It’s not that curves are flattening. It’s where they are. There’s really no mystery surrounding any of this. The “conundrum” arrives only when starting from the Orthodox perspective; the one derived from Economists even though they don’t understand the bond market in the slightest.

Short-term rates tend to “obey” central bank signals because central banks offer more direct money alternatives. If the Federal Reserve offers X on its reverse repo, it makes sense that money market rates would cluster around X given that they have this alternate.

In an ideal world, however, they wouldn’t just cluster they would abide by these intended strictures. If there is one thing we’ve learned over the last eleven years as global hierarchy has broken down, try as they might central banks don’t have as much influence as they once thought they did.

And if any central bank has difficulties down at the short end, what obligation remains for the long end of any curve? Longer-dated maturities are therefore far more fluid in how they process these dynamics; meaning, largely, the consequences of what’s going on at the short end. These tend to be very different from mainstream Economic theory.

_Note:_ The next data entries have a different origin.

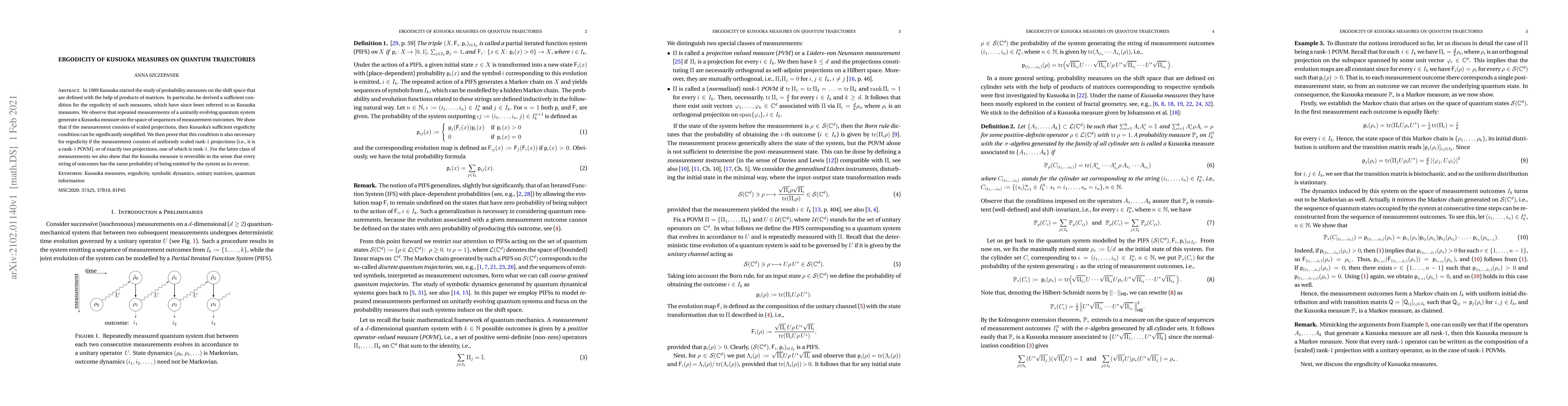 In 1989 Kusuoka started the study of probability measures on the shift space that are defined with the help of products of matrices. In particular, he derived a sufficient condition for the ergodicity of such measures, which have since been referred to as Kusuoka measures. We observe that repeated measurements of a unitarily evolving quantum system generate a Kusuoka measure on the space of sequences of measurement outcomes. We show that if the measurement consists of scaled projections, then Kusuoka's sufficient ergodicity condition can be significantly simplified. We then prove that this condition is also necessary for ergodicity if the measurement consists of uniformly scaled rank-1 projections (i.e., it is a rank-1 POVM), or of exactly two projections, one of which is rank-1. For the latter class of measurements we also show that the Kusuoka measure is reversible in the sense that every string of outcomes has the same probability of being emitted by the system as its reverse.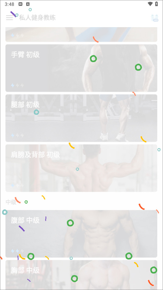 1、进入私人健身教练后,根据自己的情况来学习,刚开始先从初级开始
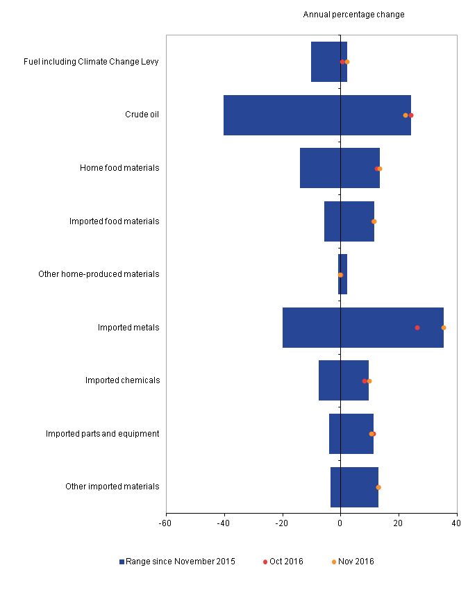The overall input index for all manufacturing, which measures changes in the price of materials and fuels purchased by manufacturers, rose 12.9% in the year to November 2016, compared with a rise of 12.4% in the year to October 2016. The main upwards contributions to the index came from crude oil, imported metals, and imported parts and equipment.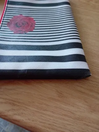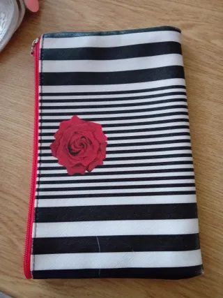 Elegante pochette per il trucco con un design a righe bianche e nere. Presenta una bellissima stampa di una rosa rossa. - Chiusura con cerniera rossa. - Motivo a righe orizzontali. - Dettaglio floreale applicato.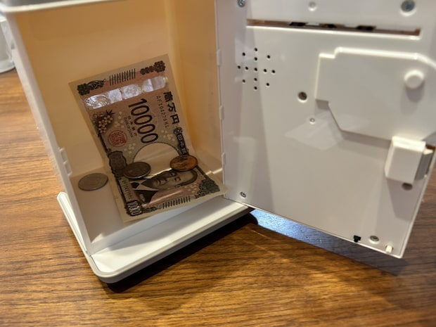 紙幣は自動で巻き取ってくれる機能がついており、「ジジジー」と効果音を出しながら巻き取ってくれます。硬貨は投入しても、効果音はありません。

The fundamental difference begins where the Economics textbook doesn’t go. For one example, the ECB’s PSPP program (QE) included within its market guidelines specific recognition of practical central bank experience. The Federal Reserve in 2013 realized it was stripping repo collateral out from money markets by buying in OTR issues. They very quietly stopped doing that.

Thus, when the ECB started up its version of QE two years later it made sure to recognize these potential consequences:

The Eurosystem lends securities using the channels for securities lending available under its existing infrastructure, including so-called fails mitigation programmes by international central securities depositories, agency lending and bilateral securities lending.